> [Exercise description]: Set down, word for word, every line of the material below from the one containing "and video shooting." through the one containing "Kararmaz Metal Püsküllü", but none of its pictures.

──────── Material supplied ────────

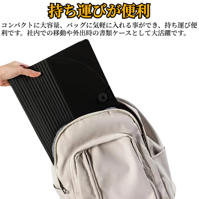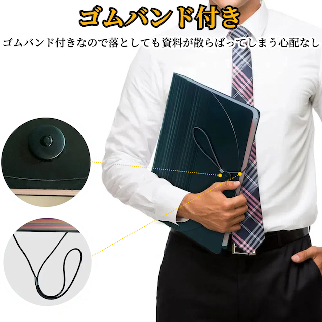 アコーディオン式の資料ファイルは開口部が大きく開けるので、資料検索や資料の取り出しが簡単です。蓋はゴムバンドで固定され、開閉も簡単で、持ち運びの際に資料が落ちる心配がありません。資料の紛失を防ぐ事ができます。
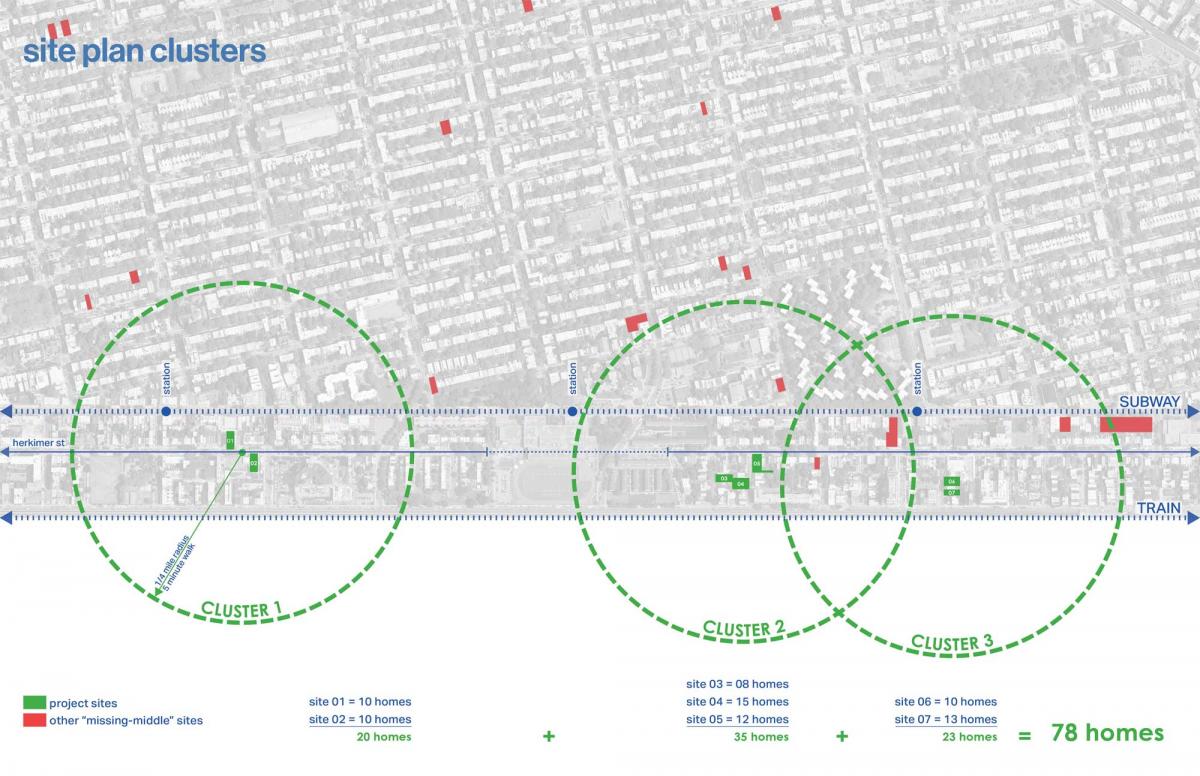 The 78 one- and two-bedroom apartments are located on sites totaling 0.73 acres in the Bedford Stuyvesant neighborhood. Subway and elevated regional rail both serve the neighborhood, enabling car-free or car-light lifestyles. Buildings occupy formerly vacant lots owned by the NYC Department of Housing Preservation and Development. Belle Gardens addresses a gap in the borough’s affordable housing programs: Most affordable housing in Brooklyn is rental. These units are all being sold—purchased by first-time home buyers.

────────
──────── Material supplied ────────

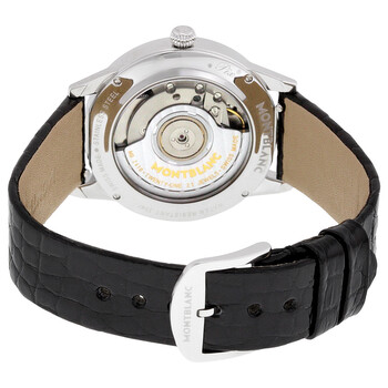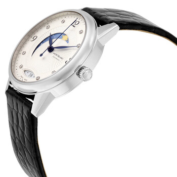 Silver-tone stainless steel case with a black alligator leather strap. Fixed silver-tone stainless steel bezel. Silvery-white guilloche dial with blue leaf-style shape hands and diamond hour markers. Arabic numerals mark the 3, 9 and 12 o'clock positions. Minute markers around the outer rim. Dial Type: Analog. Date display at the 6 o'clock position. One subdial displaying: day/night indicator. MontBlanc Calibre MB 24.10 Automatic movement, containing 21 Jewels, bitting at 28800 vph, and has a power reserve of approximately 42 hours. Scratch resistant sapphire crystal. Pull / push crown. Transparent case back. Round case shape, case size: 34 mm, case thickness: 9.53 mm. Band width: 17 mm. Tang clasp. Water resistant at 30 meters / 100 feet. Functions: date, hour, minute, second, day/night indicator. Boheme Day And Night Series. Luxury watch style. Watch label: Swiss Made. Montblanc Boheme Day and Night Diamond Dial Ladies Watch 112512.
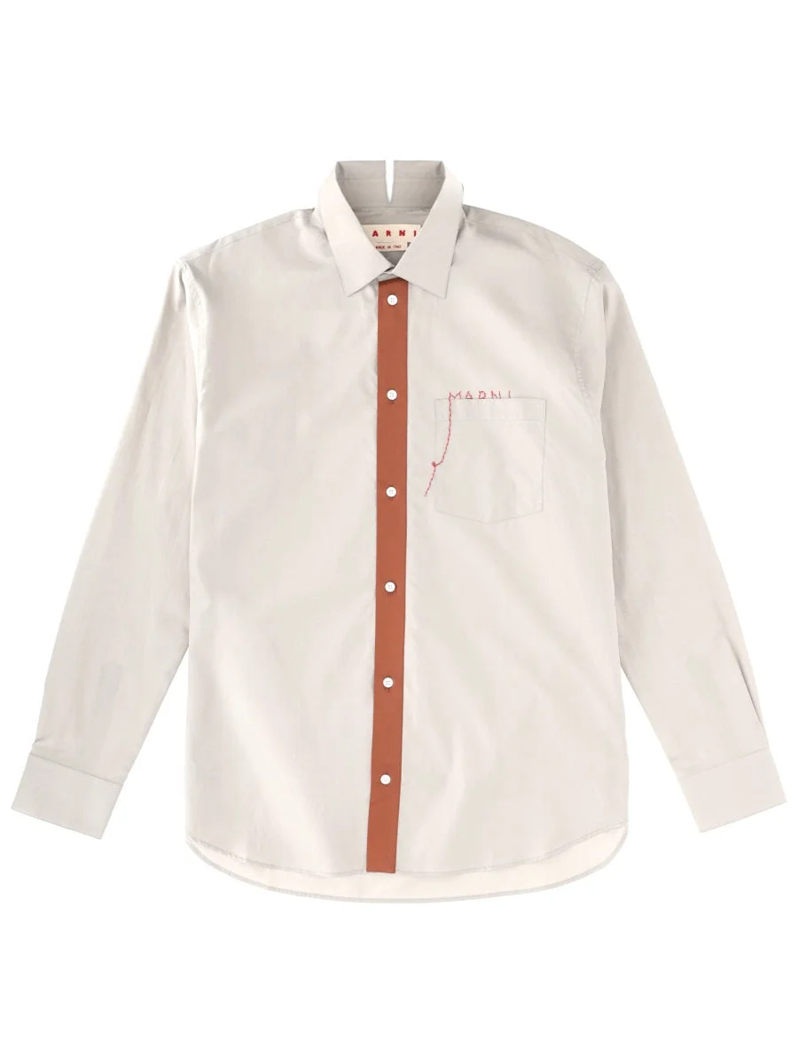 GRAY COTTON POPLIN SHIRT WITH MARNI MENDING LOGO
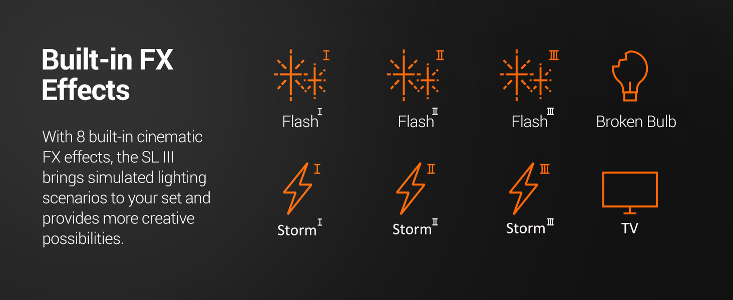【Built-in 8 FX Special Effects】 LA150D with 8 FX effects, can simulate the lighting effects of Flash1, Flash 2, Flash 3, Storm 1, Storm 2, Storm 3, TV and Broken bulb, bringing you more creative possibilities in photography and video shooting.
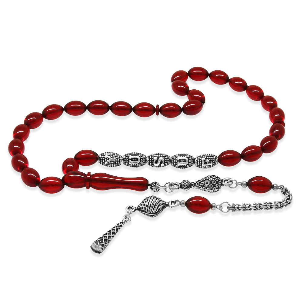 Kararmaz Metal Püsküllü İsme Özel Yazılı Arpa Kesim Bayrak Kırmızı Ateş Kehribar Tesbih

────────

> [Expected answer]:
【Built-in 8 FX Special Effects】 LA150D with 8 FX effects, can simulate the lighting effects of Flash1, Flash 2, Flash 3, Storm 1, Storm 2, Storm 3, TV and Broken bulb, bringing you more creative possibilities in photography and video shooting.
 Kararmaz Metal Püsküllü İsme Özel Yazılı Arpa Kesim Bayrak Kırmızı Ateş Kehribar Tesbih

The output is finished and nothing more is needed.